The Mandukya Upanishad : presented the quintessence of the acme of thought and experience reached in ancient times, – the Upanishads. 4-1.4.
22/09/2018
Section 1: The Pranava or Omkara :-4.
Now, we come from what we call Isvara-Srishti to Jiva-Srishti. Isvara-Srishti is the form corresponding to a name, as it is by its own right. Jiva-Srishti is the psychological connection that you have established between yourself and the corresponding form of a particular name. You are affected because of the Jiva-Srishti, and your understanding of the form corresponding to a name signifies merely Jiva-Srishti.
We are now concerned not merely with Isvara-Srishti, but also Jiva-Srishti; perhaps with the latter we are more concerned than with the former because what binds us or liberates us is the nature of Jiva-Srishti, not so much the nature of Isvara-Srishti. Things as they are do not concern us very much. But things as they are to us mean very, much to us, and this meaning it is that binds us to what we call Samsara (earthly existence).
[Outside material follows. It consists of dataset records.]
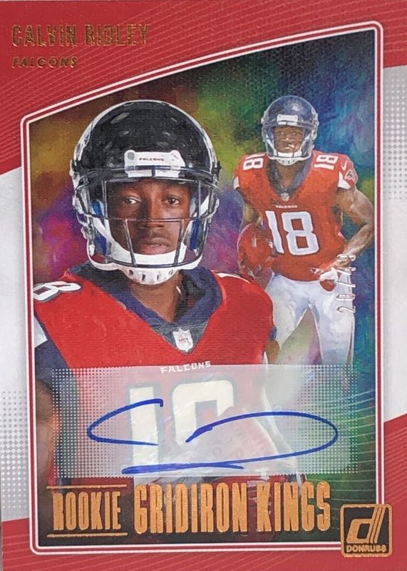 The Calvin Ridley 2018 Donruss #RGK-11 Rookie Gridiron Kings Autographs (/49) card in Raw condition has not changed in price in the last 30 days and was last sold for $20.50 .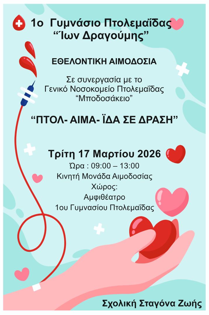 Το 1ο Γυμνάσιο Πτολεμαΐδας «Ίων Δραγούμης», σε συνεργασία με το Γενικό Νοσοκομείο Πτολεμαΐδας «Μποδοσάκειο», διοργανώνει εθελοντική αιμοδοσία με σύνθημα: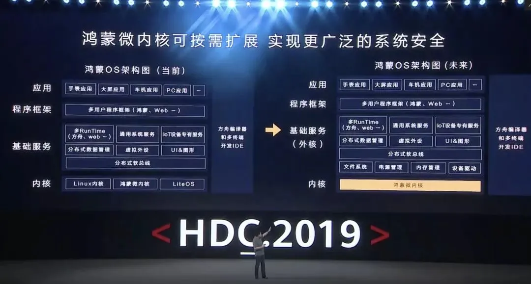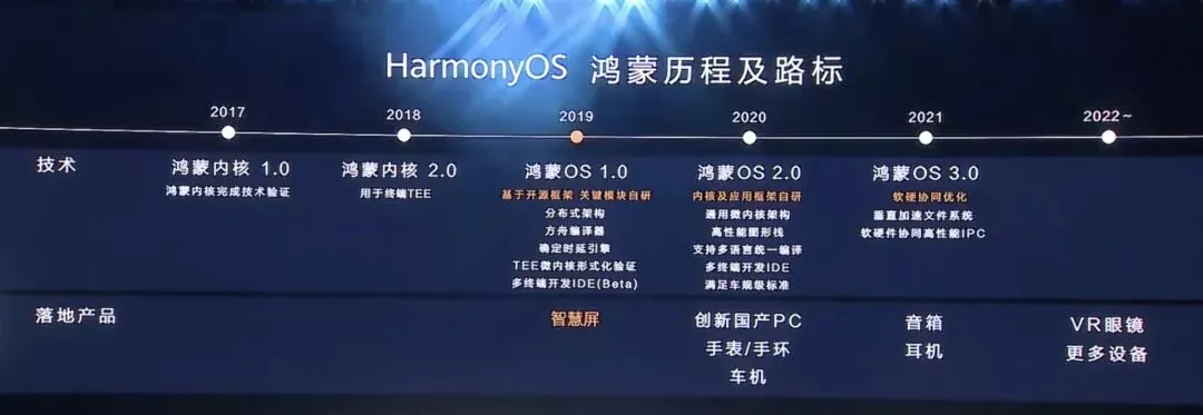 在大会现场,余承东公布了鸿蒙 OS 的两年研发历程并宣布 鸿蒙 OS 正式开源,这是全世界第一个基于微内核的全场景分布式 OS! 据介绍,2019 年发布的鸿蒙 OS 属于 1.0 版本,已经可以落地支持智慧屏,明年将公布鸿蒙 OS 2.0 版本,将应用于国产 PC、手表、手环和车机中,届时将利用高性能技术栈、支持多语言统一编译、多终端开发 IDE 并满足相关应用标准。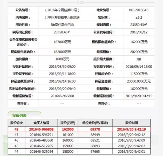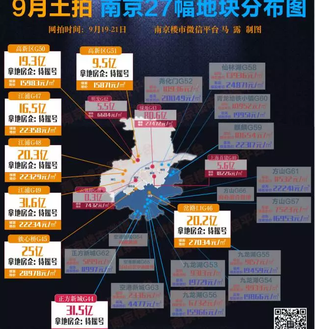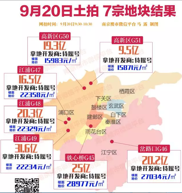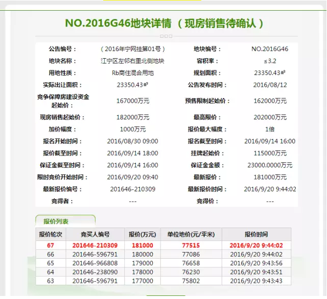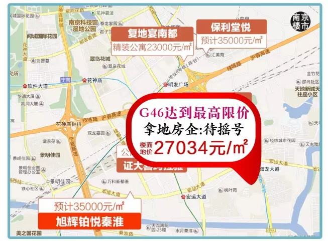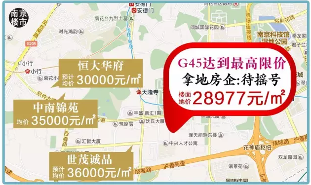 G45地块,开拍3分钟,秒过20000元/㎡地价,达到现房销售待摇号确认阶段,拍卖还没结束已经成为江宁地王!

Every name has a corresponding form, and the form is a content of Isvara-Srishti; the creation of Isvara, God; and you, as a Jiva or an individual, though you are also a part of Isvara-Srishti, create a cocoon round yourself, coil yourself in a web that has been created by your own imagination, and this imagination connects you with the other Jivas, other things, other contents of creation, socially. You do not merely exist as a content of creation; you also have a connection with other contents in creation in several ways.
This is the difference between you as a part of Isvara-Srishti and you as a centre of Jiva-Srishti. You have an aspect of Isvara in you, and you have also a Jivatva in you. The aspect of Isvara is your dignified nature, and the aspect of Jiva in you is what binds you to this realm of Samsara. So, you have a twofold nature, a double personality, a character that distinguishes you by means of your relation to Isvara, and your relation to this earthly life.
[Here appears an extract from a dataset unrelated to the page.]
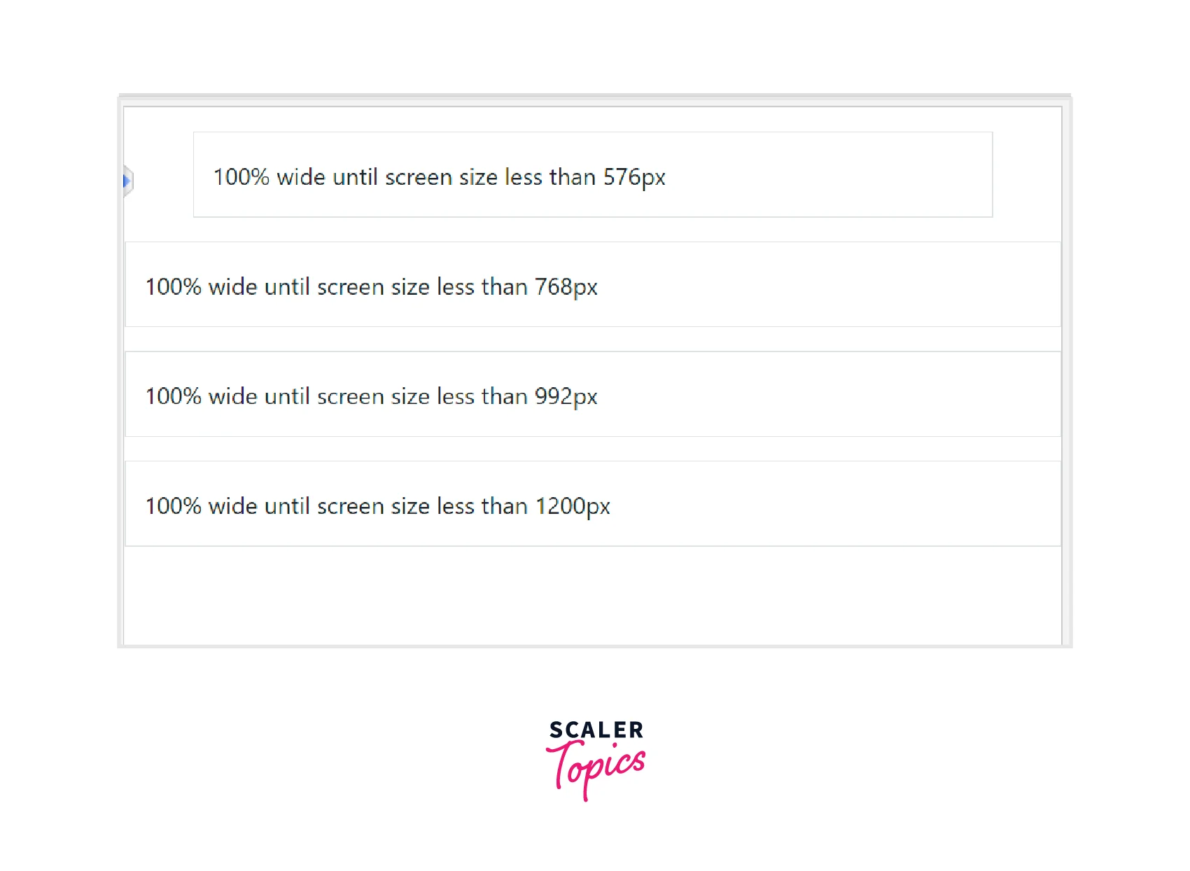 - For example, .container-md is 100% wide to start until the md breakpoint is reached(viewport width ≥ 992px), where the container will scale up with md, lg, xl, and xxl.

This is the situation we find ourselves in through Nama and Rupa, name and form, the designator and the designated, in this creation of which we are parts or contents. Now, it is the summoning of the forms into relation with ourselves that has been the cause of our pleasures and pains. Every day we summon into our consciousness different forms of the world, and this summoning is nothing but a psychological contact that we establish between ourselves and these forms.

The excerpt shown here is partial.